Cross-platform GEO comes down to one discipline: build a single, consistent, well-structured brand entity that every major AI answer engine can retrieve and trust, then tune a handful of platform-specific signals on top of it. You do not write five versions of your site for five models. You make your brand so clearly defined — same name, same claims, same proof, everywhere — that ChatGPT, Gemini, Perplexity, Copilot, Grok, and Google's AI surfaces all reach the same conclusion when a buyer asks for a recommendation. The platform tactics that matter — Bing indexing for ChatGPT, fresh citations for Perplexity, video and Google's index for Gemini — are refinements, not separate campaigns.
Key takeaways
- The AI discovery layer is fragmented across at least seven answer surfaces; optimizing for one leaves you invisible on the rest.
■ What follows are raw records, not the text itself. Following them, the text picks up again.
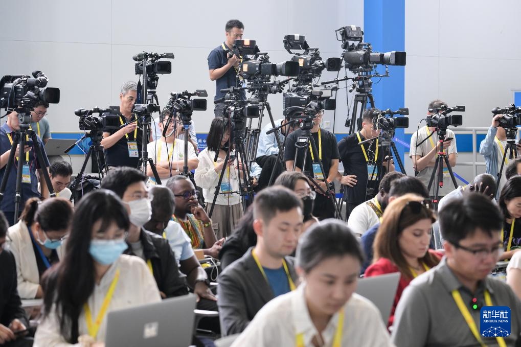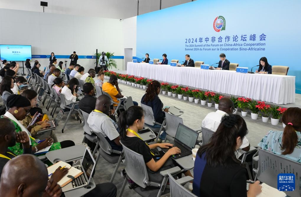 9月3日,2024年中非合作论坛峰会新闻中心举行吹风会,中国国际贸易促进委员会副会长张少刚、联络部部长林红红、中国国际商会秘书长孙晓介绍中非企业家大会和中非经贸务实合作情况,并回答记者提问。这是记者在吹风会现场采访。
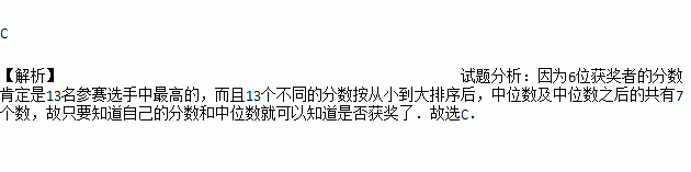 学校组织才艺表演比赛,前6名获奖.有13位同学参加比赛且他们所得的分数互不相同.某同学知道自己的比赛分数后,要判断自己能否获奖,在这13名同学成绩的统计量中只需知道一个量,它是( )
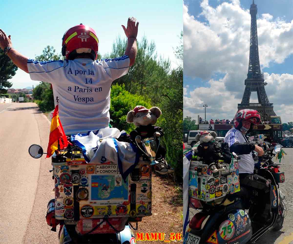 Esta es la historia de Manuel Martín, conocido en el mundillo del scooter clásico como “Mamu”. Un vespista consagrado que lleva sus pasiones al extremo. Cuando la salud le ofreció un respiro, subió a Cabo Norte en Vespa: el anhelo de todo motoviajero. Es habitual verlo en eventos y concentraciones, siempre con su scooter listo para el viaje y con su conocido carácter “tan especial”. Porque hay que tener carácter para ir a Paris en Vespa a recoger una Copa de Europa. Recorrió más de 1.400 Km a la ida en 3 etapas y otros tantos a la vuelta. Entró en Paris a trompicones. Sí, experto y contrastado conductor, pero la ocasión suponía un esfuerzo superior. Viajero incansable en solitario; este último viaje fue mucho más que un reto. Llevaba en la cabeza y el corazón sus dos pasiones: la Vespa y al Real Madrid.
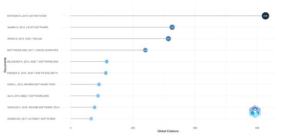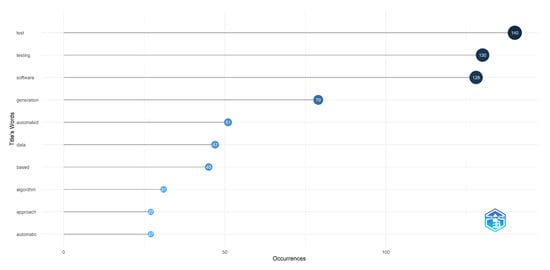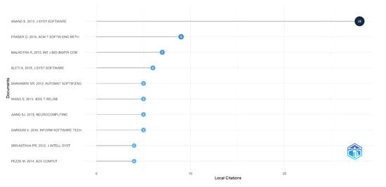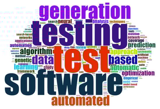 This is the first bibliometric study, that we are aware of, that evaluates the results of intelligent software testing. Nevertheless, there were other scholars who treated this subject as a systematic literature review [,,], or as a simple review of the literature [,]. As we’re zooming out, we find some articles focusing on summarizing the bibliometric data like [,]. Some of them were doing systematic reviews specializing in a single type of software tests: like Higher order mutation testing [], or software testing in general like []. A few scholars focused on examining reviews that help to synthesize indexes that makes it easier to discover the most pertinent data from secondary studies, encouraging the use of proof decisions in any specific field of software engineering []. Another type of reviews were those related to automation, in order to evaluate its benefits and limitations [], or knowing when and what to automate [], or the challenges facing its automation [].
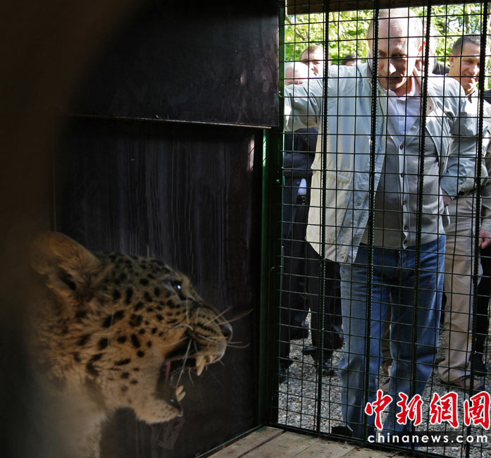 近日,俄羅斯總理普京來到2014年冬奧會(huì)舉辦地索契一家動(dòng)物園,觀看一頭用東北虎換來的波斯豹。普京饒有興致地觀察了一會(huì)兒后,對(duì)這頭剛剛到來、還有些認(rèn)生的豹說:“別害怕,跑起來”,還向它做了個(gè)飛吻。此次從伊朗引進(jìn)波斯母豹,是希望與本地的土庫(kù)曼尼斯坦公豹交配,以挽救這一瀕臨滅絕的物種。

- Roughly 80-90% of the work is a shared core entity — consistent naming, Schema.org structure, and authoritative citations that every engine reads the same way.
- llms.txt is now best understood as a map for agents and in-product assistants, not a search-ranking lever — Google has confirmed it ignores the file for rankings and AI Overviews.
- Platform tactics differ at the margins: ChatGPT leans on Bing's index, Perplexity rewards freshness and primary sources, Gemini pulls from Google and YouTube, Grok summarizes recent X activity.
- You cannot eyeball this across engines; measure Share of Model and citation rate per platform with a tool like GEOly.
Why one engine is no longer enough
In the Google era, "optimization" quietly meant "optimize for Google," which held 90%-plus of search. Ignoring Bing was a rounding error.
That arithmetic is gone. A single buyer might brainstorm with ChatGPT, verify claims in Perplexity, compare products through Gemini or Google's AI Overviews, and ask Grok what people are saying this week. Each engine draws on different indexes, citation logic, and "personality." Rank in one and you can still be absent from the four where your customer actually decides.
The useful mental model is an oligopoly of intelligent agents, not a monopoly you can game with a single playbook. Your job is to be un-ignorable to all of them. What GEO is at its core is exactly this: engineering how generative engines describe and recommend you.
Build the core entity first
You cannot maintain five bespoke websites. You can build one brand entity robust enough that every model understands it identically. Three signals do most of the work.
Consistency
AI models cross-reference. When your positioning, product names, and basic facts — founding, category, flagship SKUs — match across your site, LinkedIn, Crunchbase, review platforms, and social profiles, the models resolve you to one confident entity. Contradictions, like a different tagline here or an old product name there, dilute that confidence and get you dropped from shortlists.